Structuring your Story part five; The Seven Basic Plots


The Seven Plots

There is a well-known saying, expanded on in a recent guide by Christopher Booker, that when it comes to story-telling, ‘there are only seven plots in the world’. That applies not just to novels but all forms of storytelling from ancient myths to the intricate worlds of online gaming. Humans are story-telling creatures and, it is believed, these basic frameworks are embedded so deep in our collective unconscious we often even unknowingly attempt to shape events to fit them. Whatever the truth of that, we can certainly see them playing out in our written work. The seven plots are generally described as

  • Confrontation – where the protagonist must overcome the adversary or disembodied threat to their way of life. Think Beowulf, or ‘Star Wars’ or Harry’s struggle against Voldemort.

  • Rags to Riches – where the protagonist loses something only to gain it back in a better form, which also helps them grow as a person. Many romances that start with a break-up follow this format. Also of course Cinderella, and even Bridget Jones.

  • Quest – where the protagonist goes off on a journey, symbolic or otherwise, ultimately achieving or finding something that both saves and changes them. There are a wealth of stories, both classic and contemporary, that use this framework, from ‘Watership Down’ to the ‘Da Vinci Code’.

  • Voyage and Return – similar to the quest, except it plays out in a more circular manner, and the protagonist returns back to where they started. Think ‘Alice in Wonderland’ or ‘The Lion, The Witch and the Wardrobe.’

  • Comedy – where the protagonist is prevented from achieving their goal by often humorous obstacles, but it all comes right in the end. Modern romantic comedies are the perfect example of the modern use of this plot form. A classic would of course be Shakespeare’s ‘A Midsuumer Night’s Dream’ or ‘As You Like It’.

  • Tragedy – where the protagonist suffers some downfall, resulting in his or her demise. Almost a reversal of the ‘rags to riches’ tale. ‘Macbeth’ and ‘Dorian Gray’ are typical examples. This plot form tends to be less popular than it once was apart from in horror novels, although Irvine Welsh’s ‘Filth’ is a quirky and powerful example.
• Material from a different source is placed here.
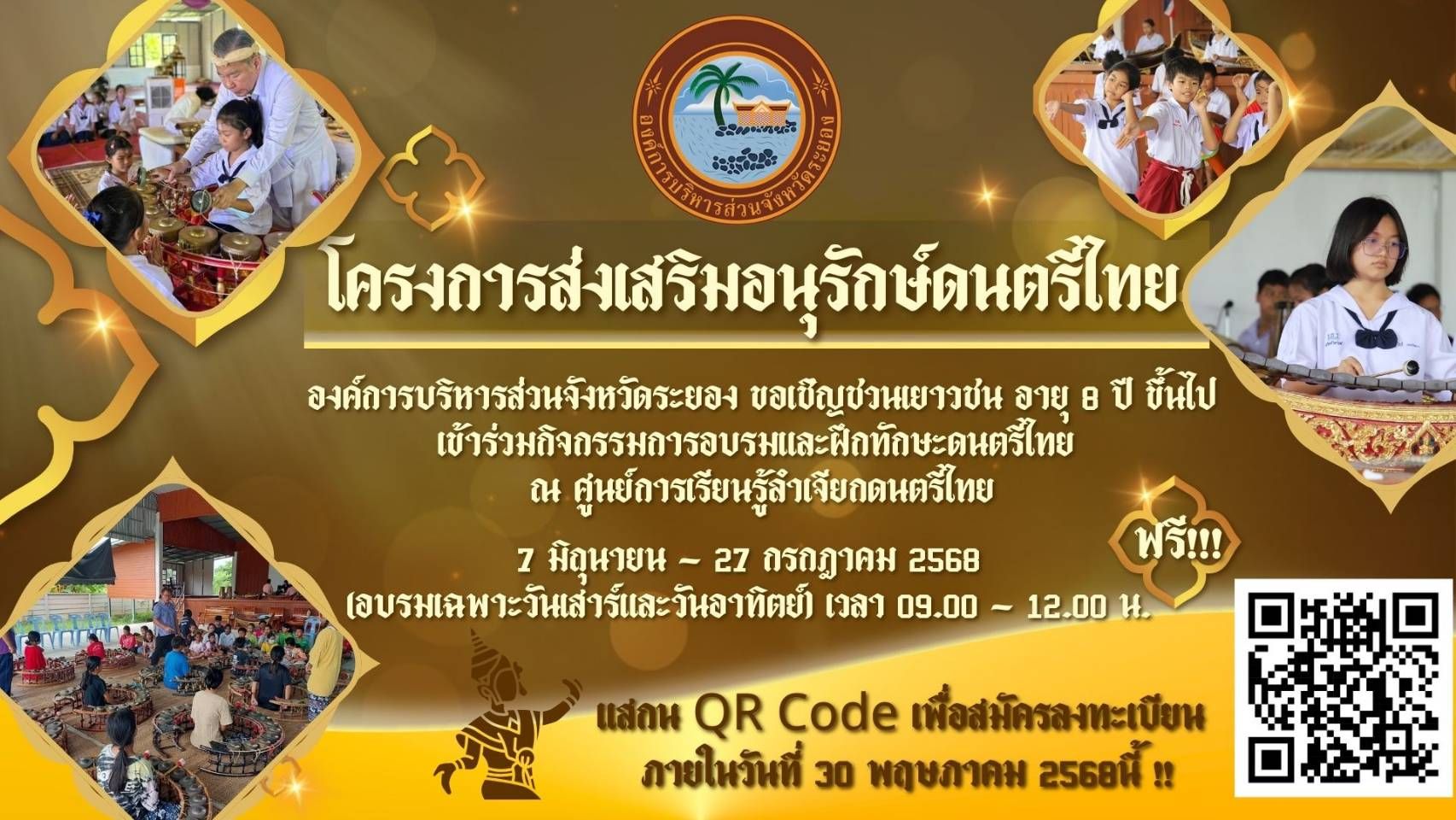 อบจ.ระยอง ขอเชิญชวนเยาวชน อายุ 8 ปีขึ้นไป สมัครอบรมฝึกทักษะดนตรีไทย ฟรี ในระหว่างวันที่ 7 มิถุนายน - 27 กรกฏาคม 2568 อบรมเฉพาะวันเสาร์ - วันอาทิตย์ เวลา 09.00 - 12.00 น.

  • Redemption – where the protagonist starts off being rather unlikable or even downright evil but events transpire that causes them to redeem themselves over the course of the story. The Lestat character in Anne Rice’s Vampire saga achieves this to dramatic effect over the course of the series.

Mini-exercise – You will find that nearly any story you read, watch or hear will follow one of these basic plots. Try grabbing a few of your favourites, along with some new tales in an unfamiliar genre, and see if you can identify which of the seven plot forms they are based on.

Not all writing and literature experts agree with the delineation of the classic seven plots however. Harry Bingham, author of ‘How to Write’ argues that all of the above can be distilled down into two – the Classic Plot or the Mystery Plot, and adds another – the Literary Plot, which is any novel that follows its own rules and attempts to break out of the traditional plot definitions. Scarlett Thomas, the bestselling author of ‘The End of Mr Y’ adds another plot in her work on literature ‘Monkeys with Typewriters’ as well as redefining and modernising others. Her classic eight plots are

  • Tragedy

  • Comedy

  • Rags to riches

  • Quest

  • Coming of Age

  • Stranger comes to town

  • Mystery

  • Modern realism

Mini-exercise – If you’re interested in plot definitions I would recommend any of these author’s works for further exploration. The point I want to stress here is that, regardless of which ‘plot’ your own current work or idea falls into, it will be how you structure it that determines its impact. Take any example of any of the plots outlined above, particularly a work you have already looked at as part of the exercises in this chapter, and a close examination will reveal you can most likely break it down into the three acts and eight points. Have a closer look and see if you can identify the structural elements that help the plot unfold.